BRUSSELS, 1 June 2007 — Policy action to solve global trade and savings imbalances may be no better than leaving financial markets to solve the problem, Saudi Arabia’s Deputy Central Bank Governor Muhammad Al-Jasser said yesterday.
“We should be cautious in assuming that any adjustment of global imbalances that is brought about by policy actions would be more orderly than one that is initiated by financial markets,” he said.
“Financial markets seem content to continue supplying capital to the US without demanding a sharp fall in the dollar or a sharp rise in the US interest rate,” he told a seminar on global trade and savings imbalances.
Al-Jasser rejected an International Monetary Fund view that part of the solution to reducing the imbalances would be for oil-exporting countries such as Saudi Arabia to import and invest more.

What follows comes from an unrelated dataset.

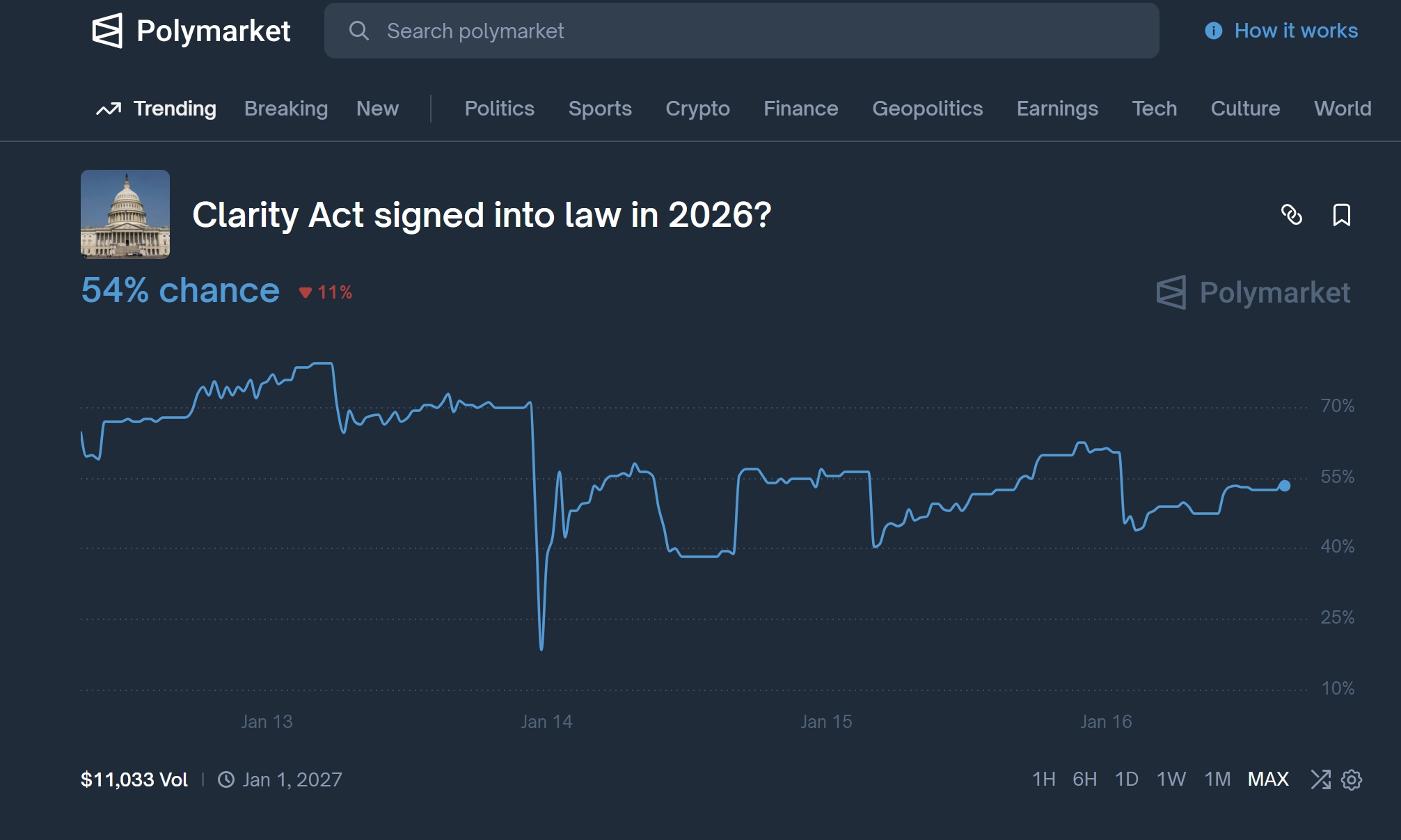 This first article focuses on the Clarity Act itself: what it tries to define, why that definition matters, and where the bill sits in the legislative process today. A second piece will turn to the prediction market question—because there is, in fact, an active Polymarket contract tied to whether this exact bill becomes law by the end of 2026—and explore what signals would meaningfully shift the odds.

“It is perfectly understandable and prudent that oil exporters should treat with caution any calls to urgently increase their imports solely to correct global imbalances,” Al-Jasser said.
“The problem for oil exporters is judging whether the current high oil price is likely to continue. If it is, then it may well be right to expand domestic demand and investment as rapidly as is practical, but if the oil price falls, it would be the wrong thing to do,” he said.
“Because oil exporters would be left with falling foreign reserves, falling oil revenues and a half-finished list of major investment projects,” he pointed out.
“Commodities prices are impossible to predict, high oil prices could end at any time,” he said.